The breasts begin to developing in utero at around 6-7 weeks post conception. It begins as a ridge of breast tissue running from the axillae (armpits) to the groin--called the milk ridge. At about the 8th or 9th week the milk ridge subsides in all areas (usually) except above the pectoral muscle. At about 16 weeks the cells begin grouping for the lactation glands of the breasts (called lobules). Although they are not yet formed they are at the beginning stage of organizing into the intricate ductwork that will once perhaps feed the embryo's own, future child.

The underlying myology (muscle) structure of the areolae complex (nipple and its surrounding disc of pigmented skin) will begin to form as well. Over the next several months the inner workings of the fetal breast will develop and define. During the last 2 months the lobules (lactation glands) will begin to produce and fill with a yellowish-clear or sometimes oily, milky substance called colostrum. This is a result of the mother's hormones crossing the placenta during the last trimester of the pregnancy. After the child is born the colostrum will resorb or leach out of the child's breast through the nipple. Both genders develop colostrum and have identical breast structure until puberty. The mother's breast will also produce this colostrum for the first week or so which is usually yellowish in color and is considered very beneficial for the child to consume soon after birth. The colostrum contains antibodies which destroy potentially dangerous organisms in the newborn child and hinders disease as well as has a laxative effect which helps the newborn pass the meconium, which is often a thick and tarry first bowel movement.

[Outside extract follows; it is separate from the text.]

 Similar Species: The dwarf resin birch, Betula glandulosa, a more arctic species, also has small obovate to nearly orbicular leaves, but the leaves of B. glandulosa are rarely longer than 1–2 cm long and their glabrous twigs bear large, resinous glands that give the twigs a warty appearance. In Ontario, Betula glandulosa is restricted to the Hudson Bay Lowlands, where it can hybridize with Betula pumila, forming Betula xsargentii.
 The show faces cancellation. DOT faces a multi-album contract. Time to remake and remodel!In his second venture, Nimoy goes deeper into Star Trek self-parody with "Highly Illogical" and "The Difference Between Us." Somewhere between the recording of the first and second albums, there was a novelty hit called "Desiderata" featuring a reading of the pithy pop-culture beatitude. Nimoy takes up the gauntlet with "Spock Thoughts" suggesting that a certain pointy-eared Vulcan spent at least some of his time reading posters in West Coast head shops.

Up until pre-pubescence, both gender's breasts are the same. At this time, the female body produces estrogen and then progesterone which stimulates the sexual maturation process. While the ovaries are maturing the breasts undergo significant changes themselves. The breasts will enlarge and develop more fully for a time period anywhere from 3 to 4 years. Menstruation usually begins within 2 years of breast development. After functional maturation the teen is able to produce a milk supply in the event of a pregnancy and subsequent childbirth.

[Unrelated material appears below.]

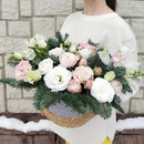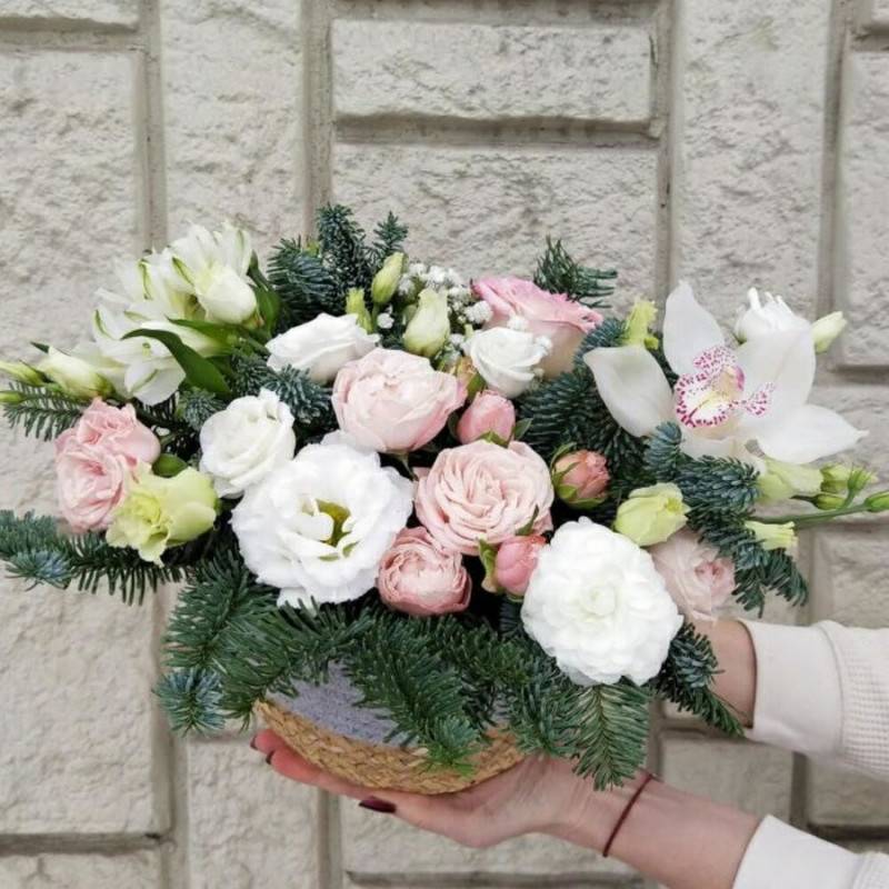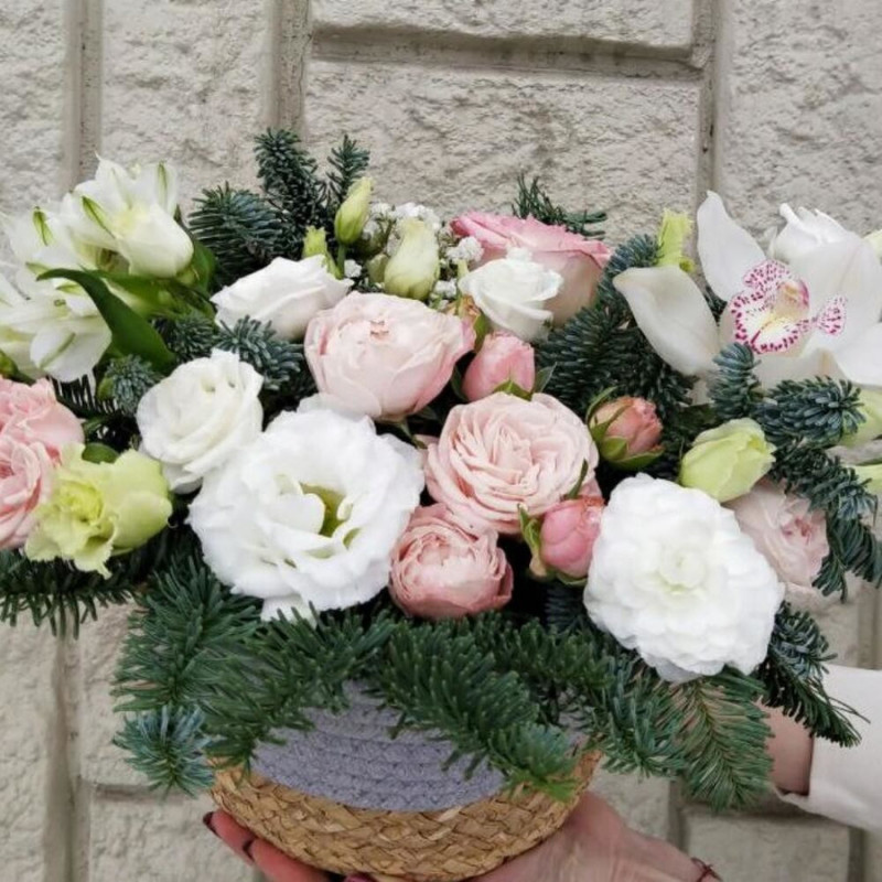 Сочетание нежных цветов и веточек ароматной пихты удивит и подарит праздничное настроение !

Even though during this time the breasts are still not truly developed in size, they are able to sustain life if need be. The breasts continue to further develop and reach their adult size anywhere from age 18-23 . Further breast changes develop as the years go by and estrogen/progesterone levels increase. This can happen quite naturally or with the interference of synthetic and natural supplemental hormones. Such outside hormonal influences may be from birth control pills, shots or implants, human growth hormone (HGH), and even herbal remedies thought to increase breast growth such as wild yam.

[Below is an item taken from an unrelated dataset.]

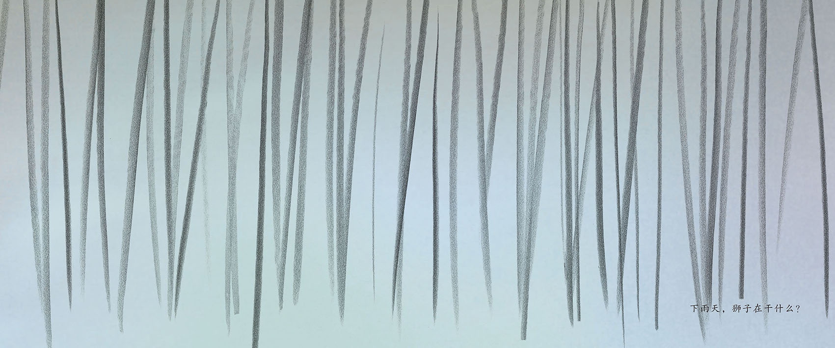 “提问回答”的游戏正好借着文图展开。循着孩子的阅读顺序,他们会先看到画面,并发出第一次疑问或者疑惑(雨?这些线条是雨吗?),看到文字或者听到大人朗读后就形成真正的问题,从而设定了“提问回答”的游戏方向。只是,书中的答案却毫无道理可言,稀奇古怪——那是作者假托书中隐藏的阅读者(封底上依偎在妈妈身旁的小男孩)给我们的一个示范而已,我们明白了这一层,就一定要包涵和赞赏孩子的各种答案。

Below you can see the breast, its lobules which group further into lobes, adipose (fatty tissue), milk ducts, connective tissue and the nipple/areola complex, as well as the underlying pectoralis major and ribs. The Chest wall itself is covered by muscle and muscle fascia which is sometimes dissected to make way for a sub-pectoral or full sub-muscular implant placement. Almost all women will have the mammae attributes depicted at the right, only more or less of them.

There may be as many as 20 lobes in each breast, plus a collection of about about 5 to 10 larger milk ducts called collecting ducts. This is where a surplus of milk is emptied into awaiting removal by the nursing infant. There is also glandular tissue. Glandular tissue usually resides in the outer upper quadrant of the breast and feels like lumps or nodules of tissue. Many women who are not familiar with their breasts during a self breast exam may believe this to be a cyst or tumor. Many times it is only a gland although if you ever have any doubt or suspicion, please alert your gynecologist or primary care physician. You may also notice breast tenderness in this area if you are prone to such during both ovulation and menstruation. More often you will notice this right before menstruation.